A talent reality for all executives is that it’s far less expensive to retain good people than to hire them. In no corporate discipline is that truer than finance — especially at growing companies, which must continually replenish their accounting staff as they scale up.
A new report on talent retention from the Pennsylvania Institute of Certified Public Accountants (PICPA) is aimed at informing accounting firms, but many of its insights are relevant to other companies employing CPAs.
PICPA surveyed two groups for its study:
- 449 CPAs and other accounting professionals in Pennsylvania with three to 10 years of experience. This is called the current talent group.
- 323 CPAs and other accounting professionals nationwide with zero to 15 years of public accounting experience who had left either their employer or the profession within the past five years. This is called the career changers group.
PICPA identified several key findings from the research:
There is no quick fix to improving talent retention. It’s not a matter of simply offering more money, or any single solution, for that matter. When asked what would have increased their desire to stay at their previous employer or in the accounting field, the career changers group had a lot to say.

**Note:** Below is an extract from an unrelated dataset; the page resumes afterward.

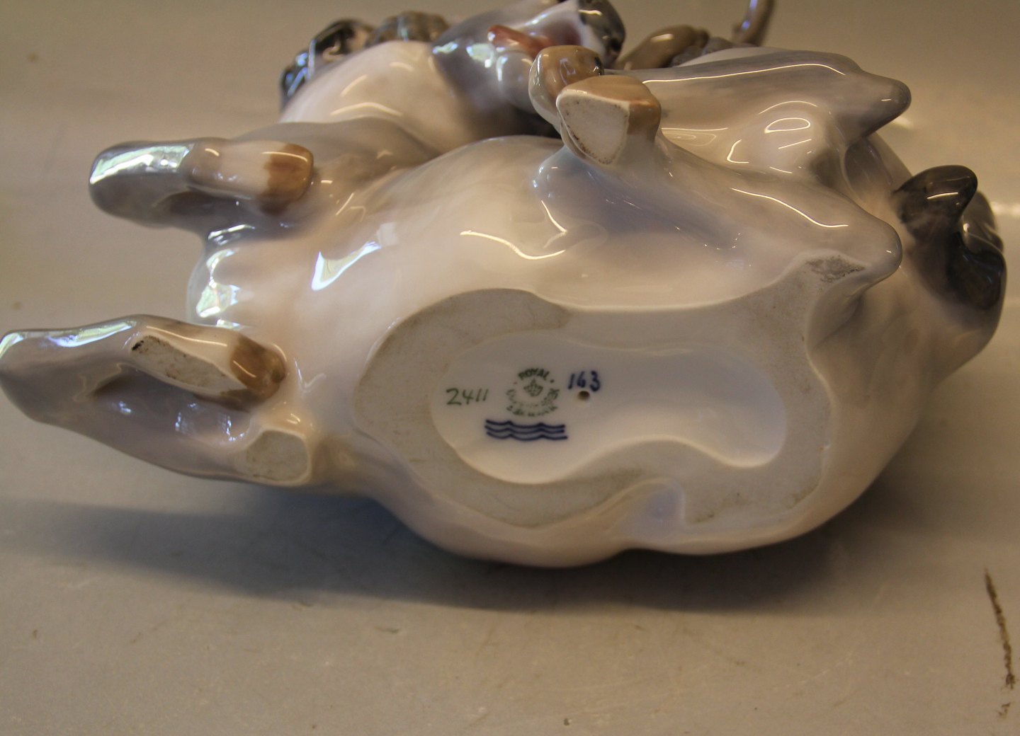 Beskrivelse: 2411 Kgl. Bjergløve angiber hjort 25 x 29 cm KK figur fra Royal Copenhagen I hel og fin stand

“The surveyed professionals left their firms or the profession for myriad reasons — with the top seven all being rated within a few points of each other,” PICPA wrote in its survey report. “When employees leave, it is typically because of the aggregated effects of a number of factors.”
Counseling employers to “retain the whole person,” PICPA provided a list of no fewer than 38 options that those employing accountants could offer in a bid to boost retention.
Most survey participants want to stay in the accounting profession and with their current firm. The current talent group was asked to rate, on a seven-point scale, their desire to stay in public accounting over the next five to 10 years. A majority (57%) rated that desire at five or higher, indicating a strong wish to stay.
When asked about their desire to remain with their current firm, 73% rated it at five or higher.
PICPA, noting that more accountants want to stay with their current employer than want to stay in the profession, said it could point to “an interesting point of competition.”
“Accounting firms are fighting more with outsiders than with competing firms,” the report said. “It’s not enough to be a more appealing employer than other firms. Your value proposition needs to compare favorably against the broader labor market.”
Workload management in the accounting field is broken. Survey participants were asked what would increase their desire to stay with their employer or the accounting field. For the current talent group, the top response was working hours being capped (for example, at 40-50 hours per week).
Heavy workloads are “hurting recruitment and retention of staff, and have become a self-perpetuating problem,” PICPA wrote. “If your firm is serious about effective talent retention, you need to prioritize work-life balance strategies for your employees.”
Interestingly, for the career changers group, the top issue was not total hours worked, which was ranked sixth, but rather a desire for more flexible work options around hours and location.
While compensation is not everything it is, of course, important. Almost half (47%) of the current talent group said their desire to stay at their firm or in the profession would increase if salaries were higher.
“The profession still has work to do on increasing financial incentives,” PICPA said. “Progress is being made, but accounting is a pay-laggard among most financial professions.”